Origins took advantage of the last rally

Equity markets have been threading water not far from the highs, reacting positively on news of stimulus and any better chances of an agreement between China and USA or negatively when the hope fades on both fronts.

The FOMC lowered interest rates by 25 bps (now at 1.75% to 2%), but Powel did not sign on further cuts, unless a negative impact/shock comes up.

The overnight borrowing rate in the US jumped last week forcing he FED to run its first repo operation in eleven years to provide cash to financial institutions, an event that seems to be punctual based on calendar needs for money.

Brazil cutting interest rates to the lowest ever, 5.50%, likely to further decrease the official rate given the poor growth and lack of inflation, drives away money on the carry, as the spread gets “tighter” against major currencies, and it shall keep the BRL in check until the government passes other reforms – the tax one is the next expected to move forward, but not necessarily in 2019.

Commodities have been more volatile after the jump of crude and energy related raw materials, but the CRB has started to fill the gap it left a week ago.

NY Coffee is back below US$ 1 per pound and London is near US$ 1,300 a ton as speculators are no longer on short-covering mode and the strength of the greenback attracted more commercial selling.

Fundamental Focus

The “C” lost ground quickly last week on forecasts of rains in Brazil on a timely fashion as the wet season usually starts towards the end of September/beginning of October.

Key technical support levels being broken brought back speculators on the sell side, but commercial selling was also noted in good volume on the recent rally the market had.

In the last COT report, the gross-short of commercials, largely representing origins sales, increased by 10,001 contracts, or 2.84 million bags, between September 11 and 17. Funds bought 11,393 lots, or 3.23 million bags, of their shorts and the market fell $ 1.25 cents per pound – a negative reading that might attract more selling.

As rains shall start falling this week in Brazil the marketplace might get less anxious, but we shall continue to monitor as after the trees flower more precipitation will be needed. As of now some weather institutes are not seeing significant rains towards the first half of October, but the models are not as accurate for such a “long” term.

CONAB has revised downward the estimate of the current crop (19/20) for Brazil last week. According to the entity the country harvested 48.99 million bags, being 34.47 million arabica and 14.52 conilon.

Without any demerit to the official number, it is good to note that the perception of the market is that the crop is at least 10% higher than reported, which is why the board did not pay attention at the figures and kept the negative price trajectory.

A respected European bank told the newswires that the World S&D has a total deficit of 4.1 million bags on the currency cycle, while the 2018/2019 had a surplus of 6.9 million bags. The financial institution believes prices shall gravitate towards US$ 105 cents per pound.

In the USA 125,134 bags were added to inventories in August, as per the GCA, totaling 7,224.309 bags, or the highest level since August 2017.

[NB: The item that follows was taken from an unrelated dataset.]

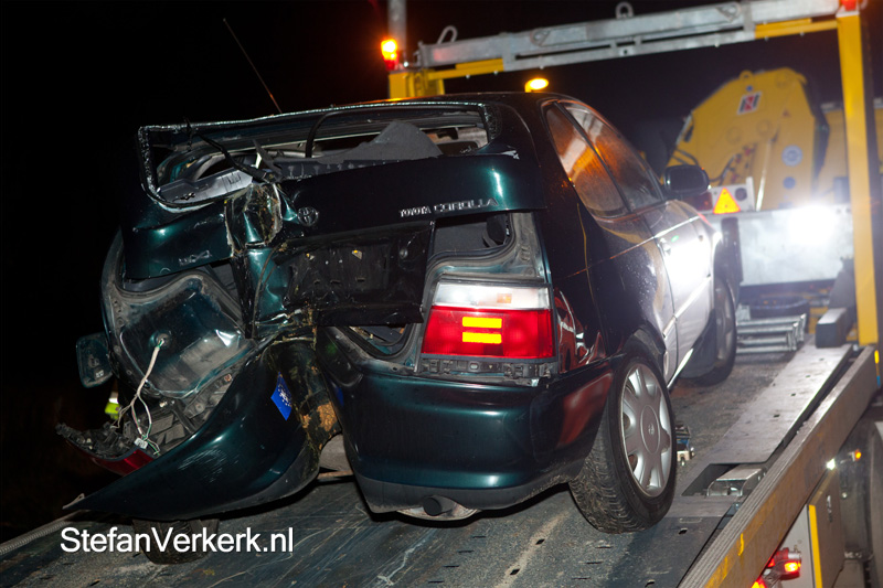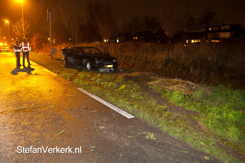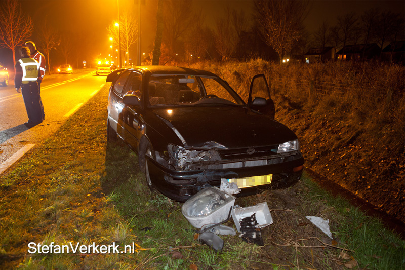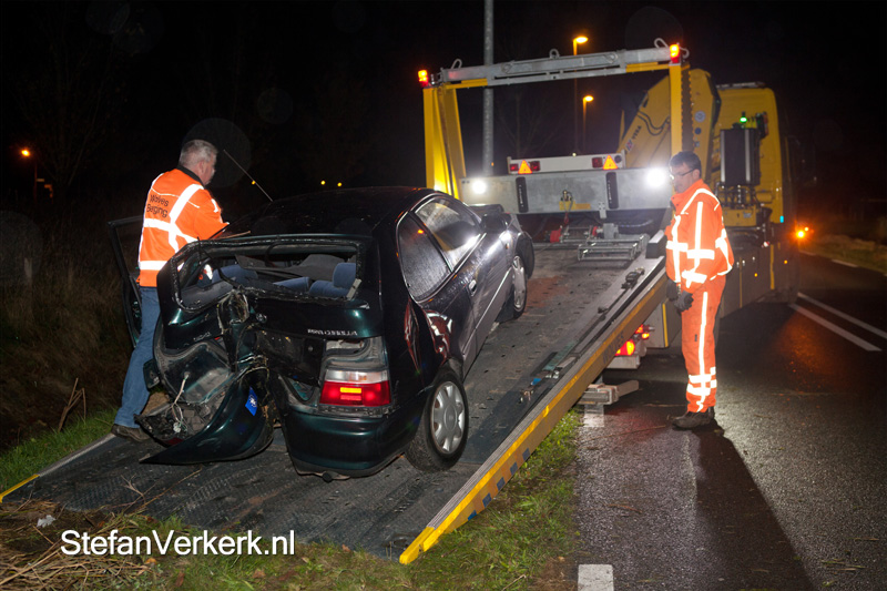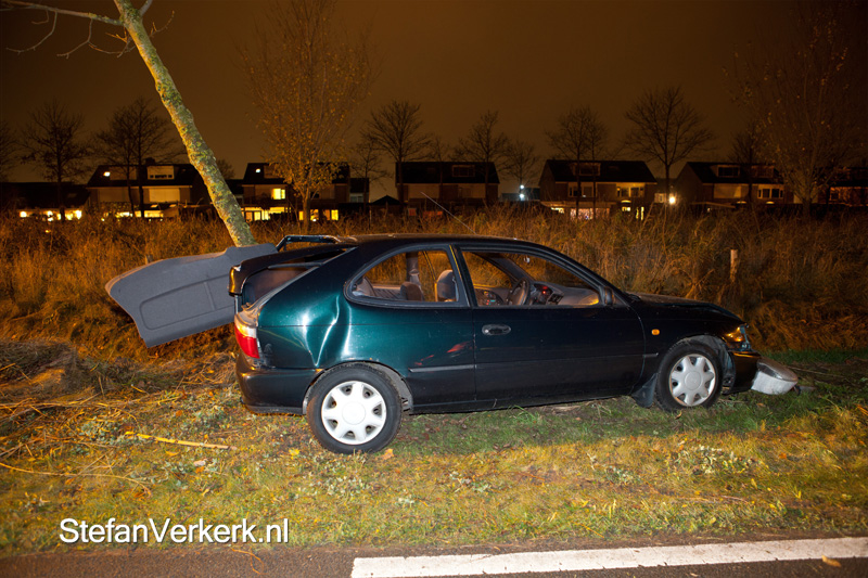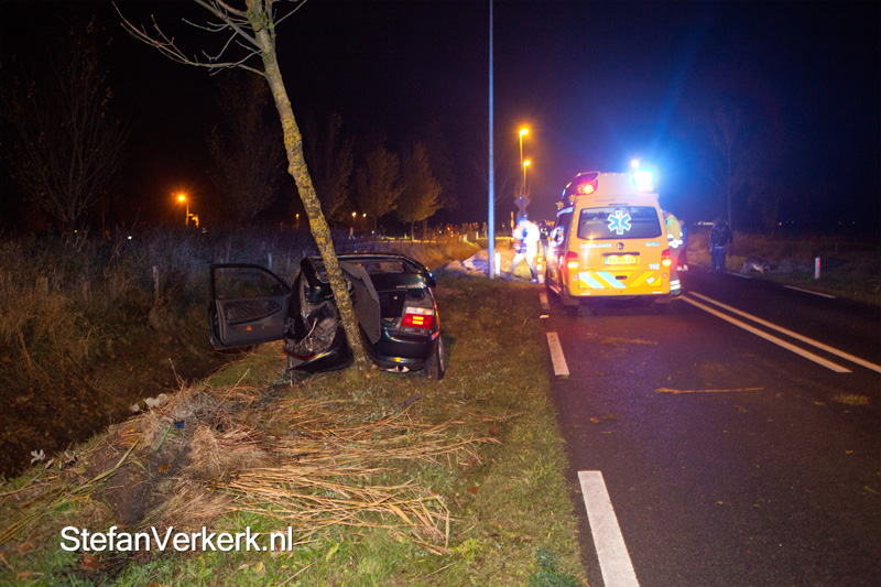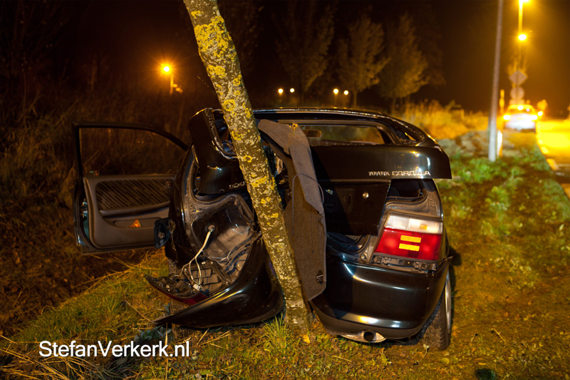 Foto's: Auto tegen boom Oostelijke Rondweg Elburg

With differentials still relatively rich at the origins one can make a point that at the peak of seasonal consumption in the Northern Hemisphere the usage of coffee seating at destinations shall increase – assuming that the qualities are commercially attractive.

A move under US$ 98 cents per pound shall attract more technical selling into the market, likely testing the low range of the 93.40 to 105 interval that we have seen arabica trading since July.

Technical Focus

December19 contract in NY might be drawing a head-and-shoulder figure, especially if it moves towards the 93/95 support area and then trading sideways for some time. Resistance levels are at 101.00, 102.60 and 104.95 cents per pound. London November contract has first support at 1,287, followed by 1,262 and 1,212 (the low of March 15th, 2010). On the upside we shall observe 1,327, 1,374 and 1,440 dollars per ton.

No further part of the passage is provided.